After some more research I'm 99.99% sure they are re-badged Blackhawk Vapor 400's.


----------



## ramboarhunter (Jun 5, 2006)

*inserts*

I am almost positive that the standard Gold tip .246 dia are what you need. If they are marked ACA 55/70 4000 they are probably made by Blackhawk with a .400 spine.
Good luck Charlie


----------



## Trebono (Apr 17, 2008)

ramboarhunter said:


> I am almost positive that the standard Gold tip .246 dia are what you need. If they are marked ACA 55/70 4000 they are probably made by Blackhawk with a .400 spine.
> Good luck Charlie



Cheers mate...you're dead on!

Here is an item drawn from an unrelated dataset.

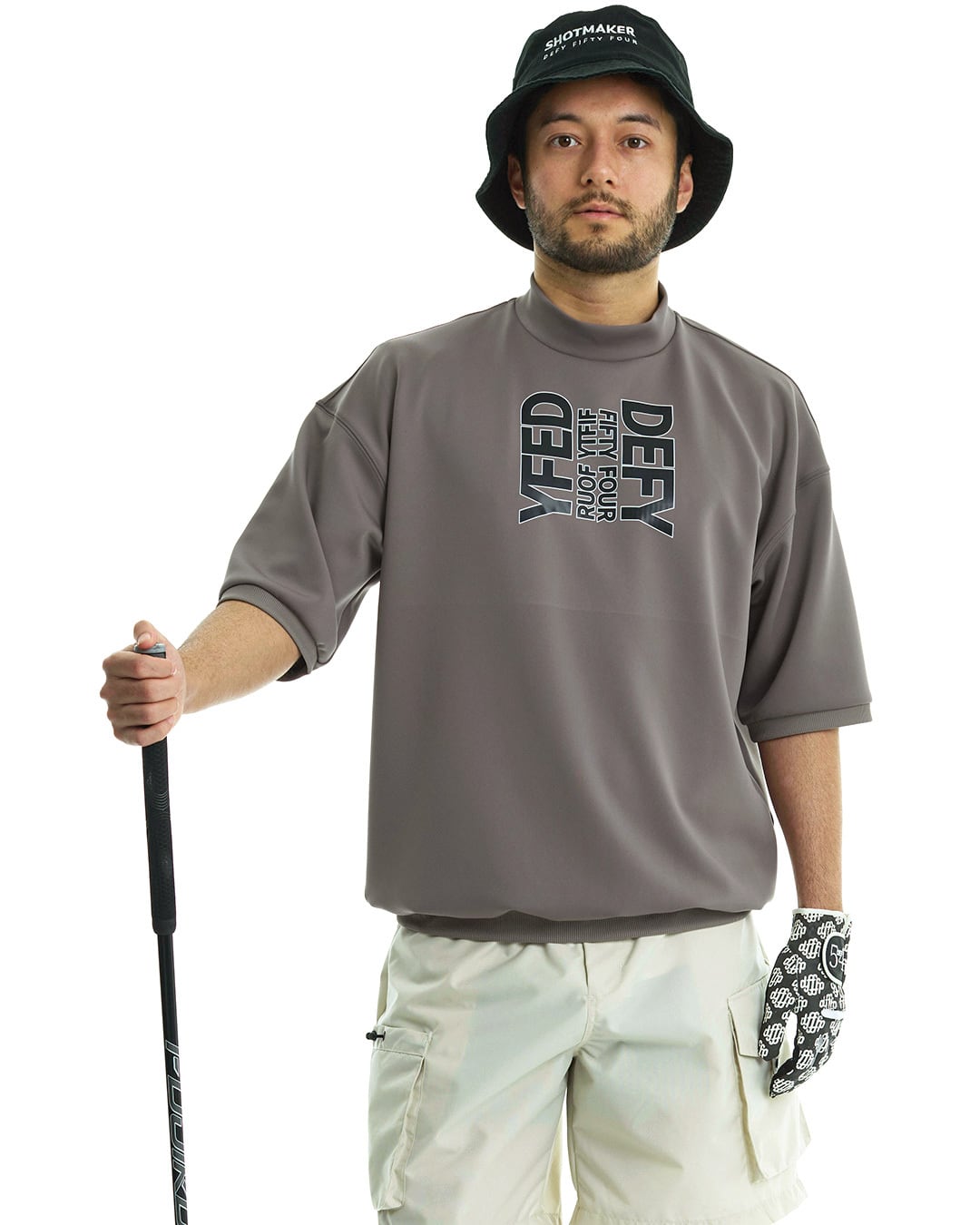 シワになりにくいストレッチジャージを使用した半袖モックネック。袖口、裾部位にはリブを使用。ゆったりとしたシルエットの為、体のラインを気にせず着用出来る一枚。

Did some more research while I was at work and that's _exactly _what they are, and the GT inserts are exactly what I need...got about 50 new inserts and tips on the way already! 

These seem like good arrows for slinging in the yard, and I've found more at Dick's for $30 a 1/2 doz...about 25% less than any marked "Vapor ACA" anywhere else! :darkbeer:


----------